Primary Care, Family Medicine Shine in 2015 Osteopathic Match

February 27, 2015 02:40 pm Sheri Porter

Primary care scored big in the 2015 American Osteopathic Association (AOA) Intern/Resident Registration Program, which matches new and recently graduated osteopathic physicians with residency programs nationwide.

[Two female medical residents in white coats working at laptop]

According to a Feb. 9 press release( announcing the 2015 results, a total of 2,907 individuals participated in this year's program, and 75 percent of them, or 2,179 newly minted physicians, successfully matched to a program.

Of that total, 54 percent, or 1,171 placements, were with primary care specialties -- defined by the AOA as family medicine, internal medicine, pediatrics and OB/Gyn.

The AAFP considers only residents who choose family medicine, general internal medicine or general pediatrics to be additions to the ranks of primary care medicine.

Family medicine fared well in 2015 by matching 549 applicants to residency programs, a 6 percent increase from 2014.

"The news from the AOA Match is very encouraging," said Stan Kozakowski, M.D., the AAFP's director of medical education. "It continues the trend of increasing interest in family medicine and primary care that we have witnessed in the National Resident Matching Program (NRMP), or the 'traditional Match,' over the last several years," he added.

Story Highlights
  • Primary care in general and family medicine in particular made good showings in the 2015 osteopathic match.
  • According to the American Osteopathic Association (AOA), 54 percent of placements were with primary care specialties defined by the AOA as family medicine, internal medicine, pediatrics and OB/Gyn.
  • Family medicine residency programs welcomed 549 new residents to their programs nationwide, a 6 percent increase compared to 2014.

According to the latest AAFP member survey, 11.3 percent of active members hold a D.O. degree.

Regarding the increasing number of graduating D.O. students entering primary care specialties, Kozakowski said, "It is not at all surprising that a large percentage of osteopathic medical students select family medicine given the emphasis (in that discipline) on treating the whole person.

"The principles of osteopathic medicine dovetail well with the principles of family medicine and primary care," he added.

Results of the much larger NRMP Match will be announced on March 20.

Other highlights from the 2015 AOA Match show that

  • 497 applicants matched into internal medicine, 13 percent more than in 2014;
  • 144 applicants matched to general surgery, an increase of 12 percent from last year; and
  • 1,008 positions were filled in nonprimary-care specialty areas such as orthopedic surgery, anesthesiology and emergency medicine.
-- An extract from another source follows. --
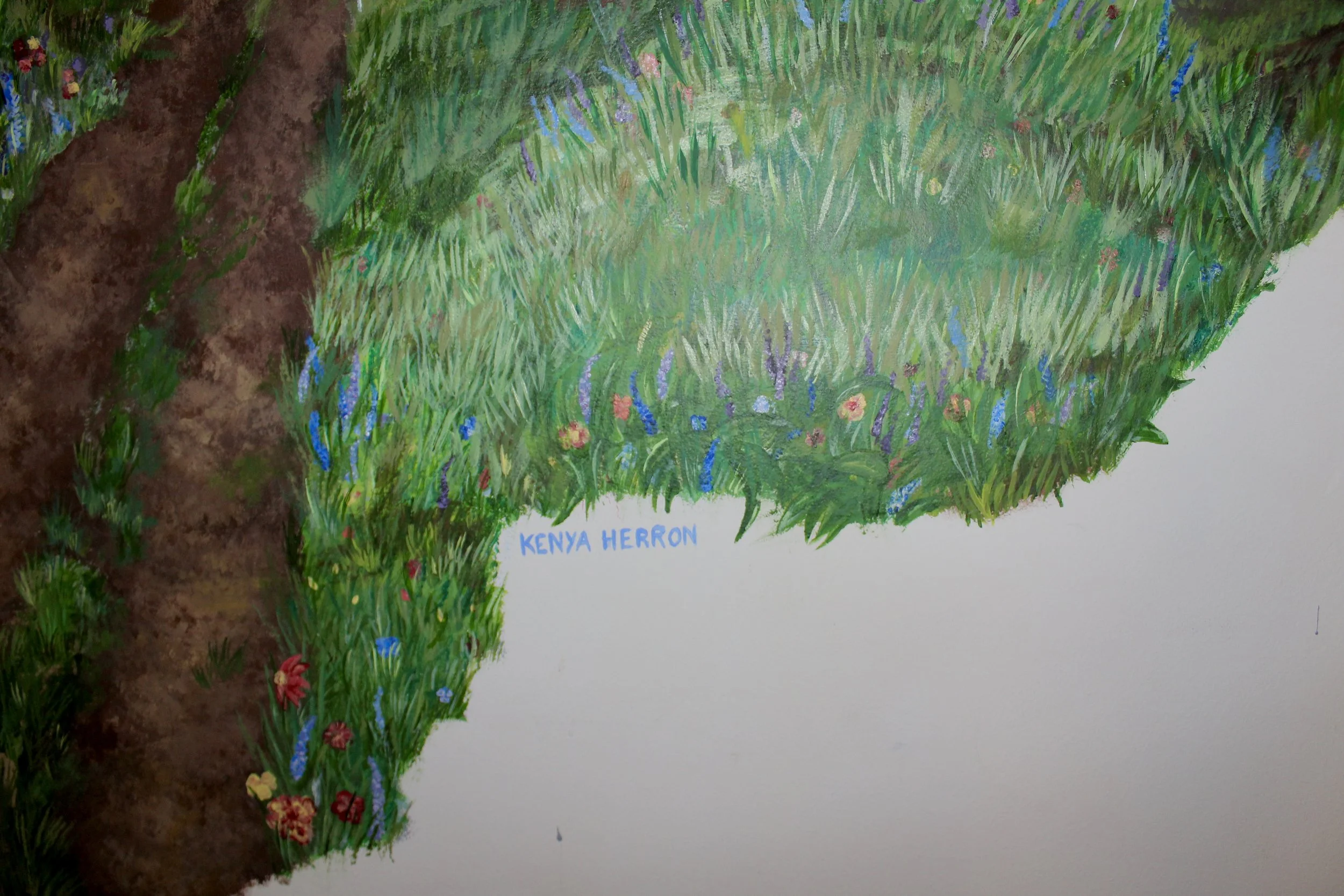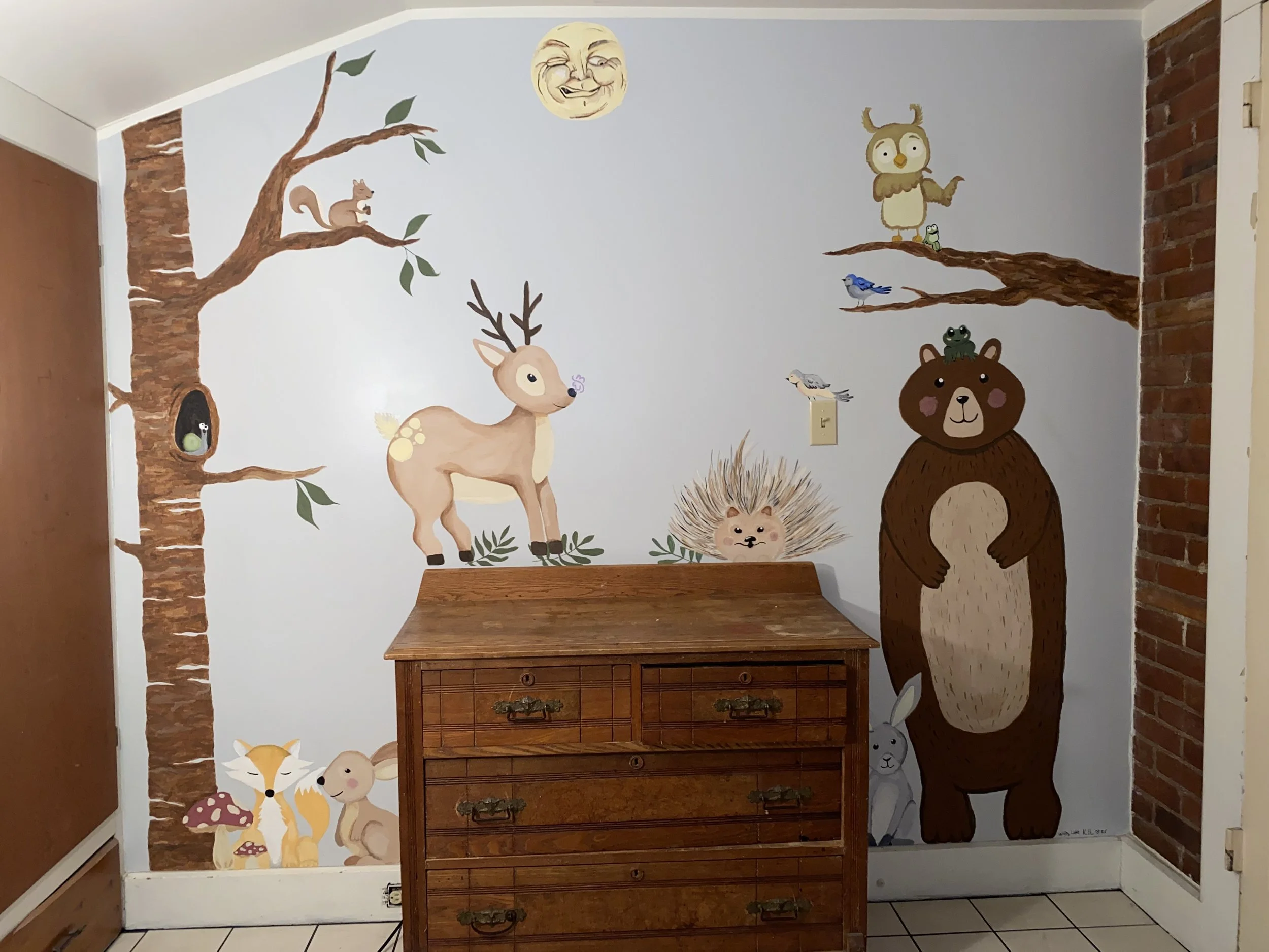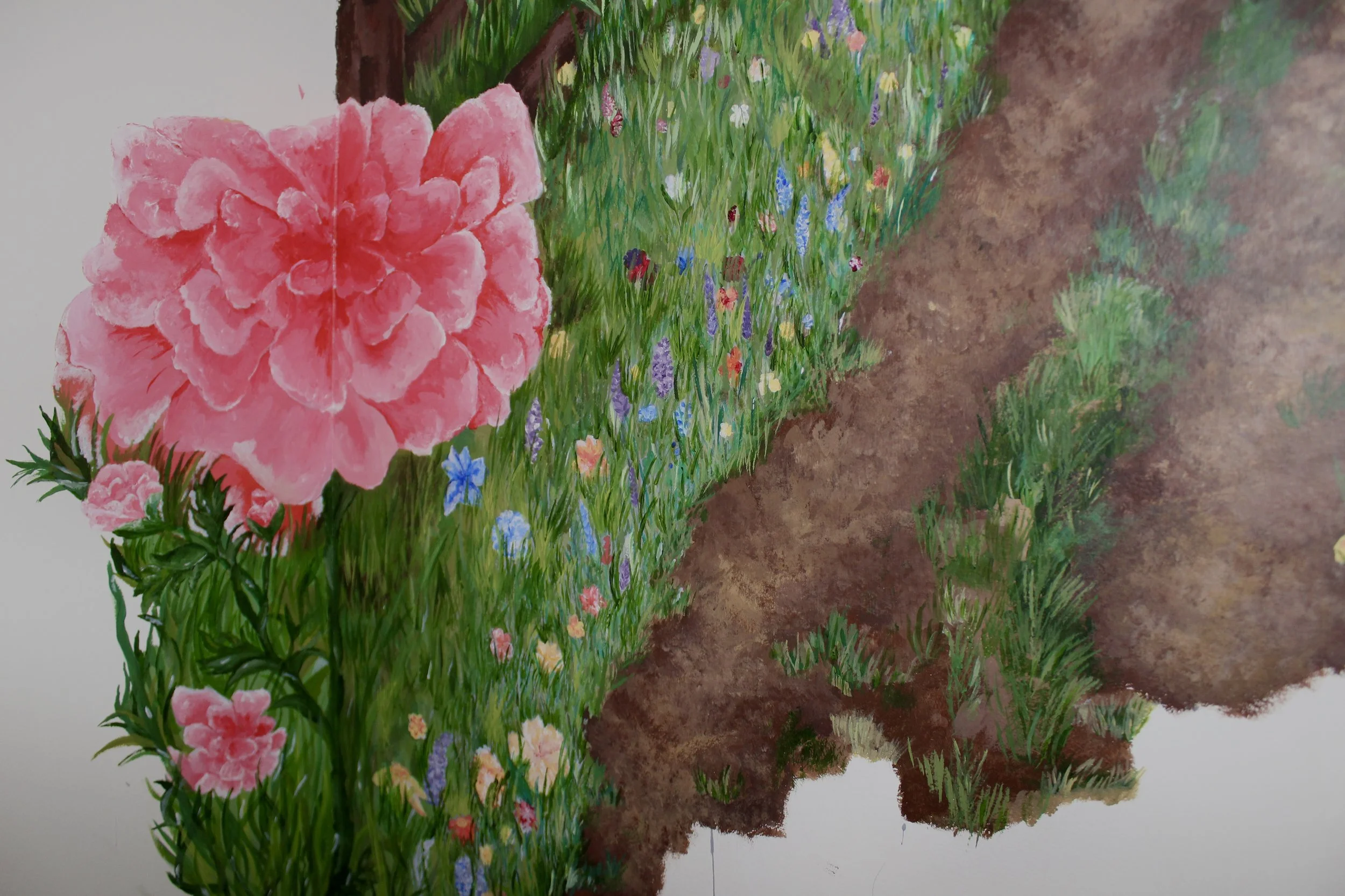 In January of 2025, the owner of an Airbnb on Owasco Lake requested a mural for the entrance of the home. The request was a warm and bright landscape scene representing the Finger Lakes Region, the dirt country roads, wildflowers, and sunshine soaking through the trees right before a storm rolls over the lake.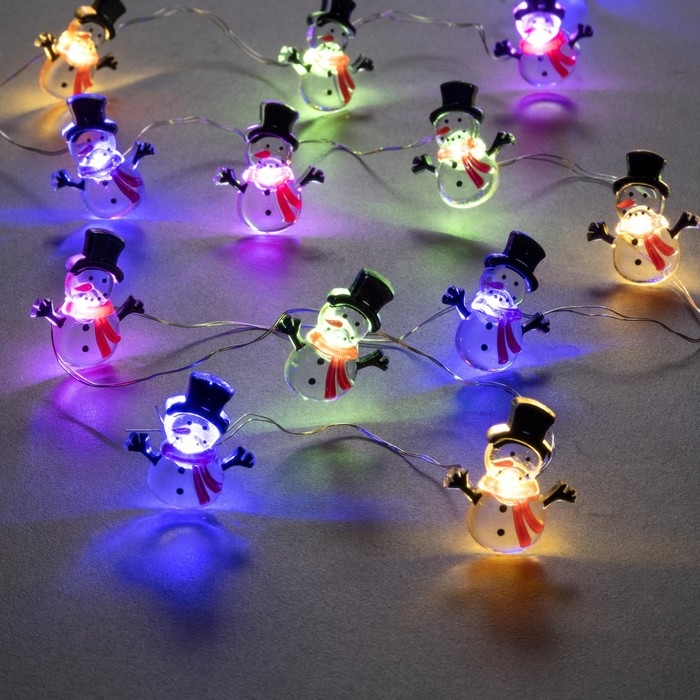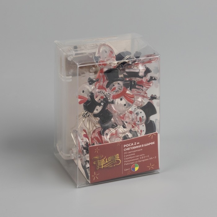 Гирлянда «Нить» 2 м роса с насадками «Снеговик в шарфе», IP20, серебристая нить, 20 LED, 2 режима, батарейки ААх2 (нет в комплекте), свечение мульти

The AOA also noted in its release that osteopathic medicine was a rising star in the U.S. health care system. According to the AOA, one in four U.S. medical students attended an osteopathic medical school. "In 2011, 14 percent of resident physicians held a D.O. degree according to a study published by the Association of American Medical Colleges, and the numbers are rising dramatically," said the AOA.

The AAFP also noted an increasing interest in osteopathic medicine in its analysis of 2013 NRMP Match results. Authors of that report pointed out that the number of D.O.-granting medical schools grew from 19 in 2002 to 37 in 2013.

They also pointed out that osteopathic medical school first-year enrollment nearly doubled between 2002 (2,968) and 2012 (5,627) and could reach 6,699 by 2017.